Japan's US$158b M&A wave moves away from China toward ASEAN and US

Japan's US$158b M&A wave moves away from China toward ASEAN and US

Buying a Japanese firm gives Western buyers indirect exposure to Southeast Asia without investing directly in the region.

Japanese outbound M&A is shifting towards North America and ASEAN as tariff uncertainty and supply-chain changes reshape deal strategy across Asia.

Hikaru Okada, Head of Deal Advisory for the Asia-Pacific region at KPMG, said Japan remains one of the region’s most active cross-border acquirers, with outbound M&A reaching US$158b. Japanese capital that previously flowed heavily into China is now being redirected as companies reassess market exposure.
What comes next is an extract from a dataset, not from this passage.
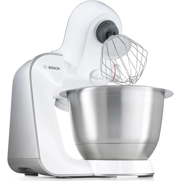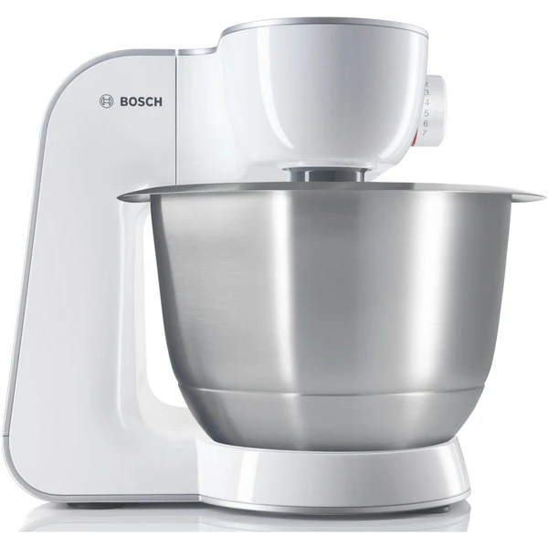 Die Küchenmaschine Bosch MUM54270 ist ein Universaltalent mit sieben Schaltstufen und einer zusätzlichen Momentstufe zum Zerkleinern und Hacken. Durch das vielfältige Zubehör, welches sich in der mitgelieferten Zubehörtasche verstauen lässt, macht Kochen und Backen wieder richtig Spaß. Dank des 3D-Rührsystems „Multi-motion-drive“ nimmt das Gerät einem alle Vorarbeiten ab, vom einfachen Mixen über Teigrühren, bis hin zum Zerkleinern. Die MUM 54270 besitzt eine Edelstahl-Rührschüssel für maximal 2 kg Teig sowie einen Mixer-Aufsatz mit einem Fassungsvermögen von 1,25 Liter. Somit besteht beim nächsten Rührkuchen die Herausforderung nur noch darin, das beste Rezept zu finden. In punkto Sicherheit glänzt die MUM 54270 mit einem Überlastungsschutz und rutschfesten Gummifüßen für einen sicheren Stand auf der Arbeitsfläche.Art.-Nr.: 1195116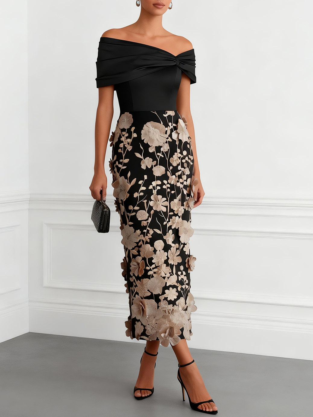Black 3D Floral Classic Off The Shoulder Short Sleeve Sheath Midi Dress

“The destination has been shifting to North America and ASEAN countries,” Okada said.

China is not disappearing from Japanese deal plans, but the pace is expected to stay below earlier peaks. Okada said capital flows into China may remain low for the next six months or longer because of political uncertainty, although some technology and industrial sectors remain important for Japanese companies.

Tariffs are also changing acquisition logic. Okada said higher US tariffs are making local operations more important than exporting goods or services from Japan, Korea or other Asian markets. That is pushing companies to consider US acquisitions to build capacity closer to customers.

Across ASPAC, active consolidation sectors include energy, technology, media and telecommunications, industrial manufacturing, financial services, and consumer and retail. Australia and ASEAN remain common destinations for outbound capital.

Indonesia is drawing attention because of its large population and growing consumer and industrial markets. Okada said capital inflows are expected from Japan and North America, with Korea and China likely to follow.

The underappreciated opportunity may sit in Japan and Korea. Okada said both markets are viewed as more aligned with Western economies, making them attractive for institutional capital.

Japanese and Korean companies also offer indirect exposure to Southeast Asia because many have manufacturing bases in the region. For Western investors, acquiring assets in Japan or Korea can provide an ASEAN route without buying directly in the target market.

For dealmakers, the test is whether acquisitions can secure supply chains, reduce geopolitical exposure and place companies closer to end markets.